Wu non è il prodotto di queste mosse. Il suo talento, esploso da junior, era poi stato frenato e mortificato da una serie di eventi: la cessazione del rapporto con il coach Sven Groeneveld e una combinazione devastante di infortuni e stop pandemici. In trentaquattro mesi, dal marzo 2019 al gennaio 2022, questo ragazzo si era rotto in tanti punti del manuale di anatomia (spalla, polso destro, gomito destro, schiena) ed era scomparso dai nostri radar. Una grande promessa non mantenuta, anzi, cancellata e rimossa dalla grande memoria del tennis. Poi, appunto, è rinato. Non ha grande esperienza mondiale, è quasi un debuttante ma sta andando forte e ora che ha fatto la storia potrebbe fare anche un po’ di geografia, spostando lontano dagli amati States il baricentro delle proprie operazioni e provando a vincere anche altrove. Può farcela, per un motivo estremamente semplice: gioca molto bene. Non mostra punti deboli dal punto di vista tecnico, è pericoloso e regolare nei due fondamentali da fondo campo dove il dritto espone l’avversario a una potenza impressionante, capace di stabilizzare lo scambio a ritmo altissimo ma anche di esplodere dei vincenti di rara potenza. A Delray Beach ha davvero sconvolto i piani di gara e le sicurezze di Fritz, soprattutto: un top ten in gran forma.

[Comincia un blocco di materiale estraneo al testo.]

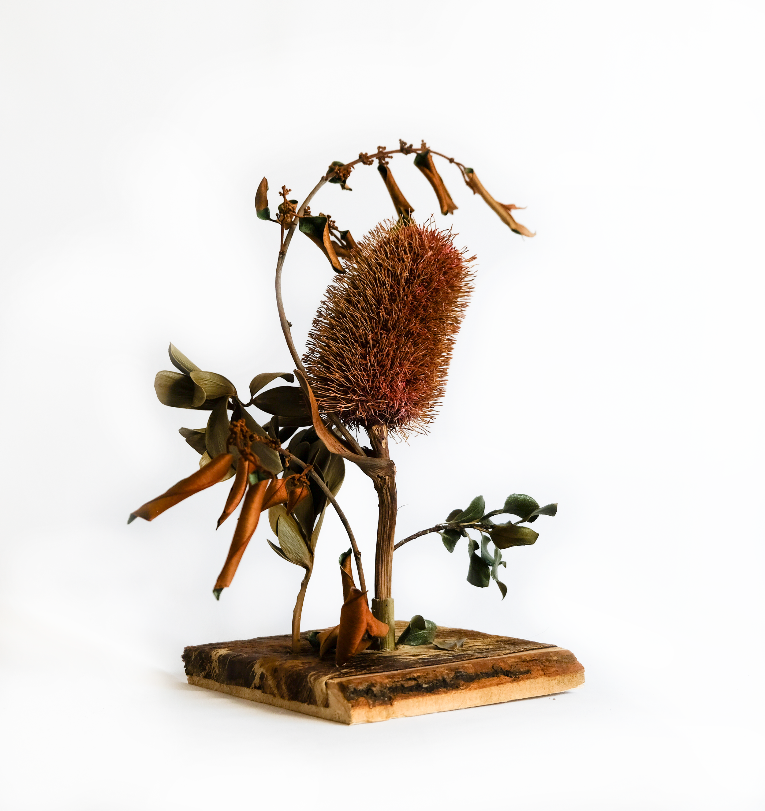 Explore delicate botanical sculptures where wood, stone, and preserved leaves come together in subtle harmony.

Ascolta tanta musica e si diletta con la cucina, sia quella da guardare in tv, sia quella da curare di persona. È un ventenne contemporaneo, con una normale predilezione per una birra ogni tanto e una inesorabile ossessione per i videogiochi. Ha iniziato con il badminton e ama il basket (Kevin Durant, in particolare, è il suo idolo). Allenato ora da Gerardo Azcurra (argentino, 37 anni), Wu ha nei suoi due connazionali i migliori amici nel tour: Shang e Zhang, che lui chiama affettuosamente e rispettivamente Little Jerry e Big Jerry. Con il primo condivide molto tempo (il secondo ha scelto di giocare di più in Europa), ma in ogni caso si sentono tutti spesso, scambiandosi giudizi e consigli. Sono in competizione, vogliono lasciare un segno per il tennis cinese e Wu, che ora ha come obiettivo l’ingresso nei primi trenta della classifica, è quello che ha tagliato il primo traguardo serio. Agli inizi di febbraio dell’anno scorso era il numero 1121 del mondo, oggi è intorno alla sessantesima posizione: quante cose cambiano in un anno. Si cambia lo scenario della propria vita, si diventa grandi.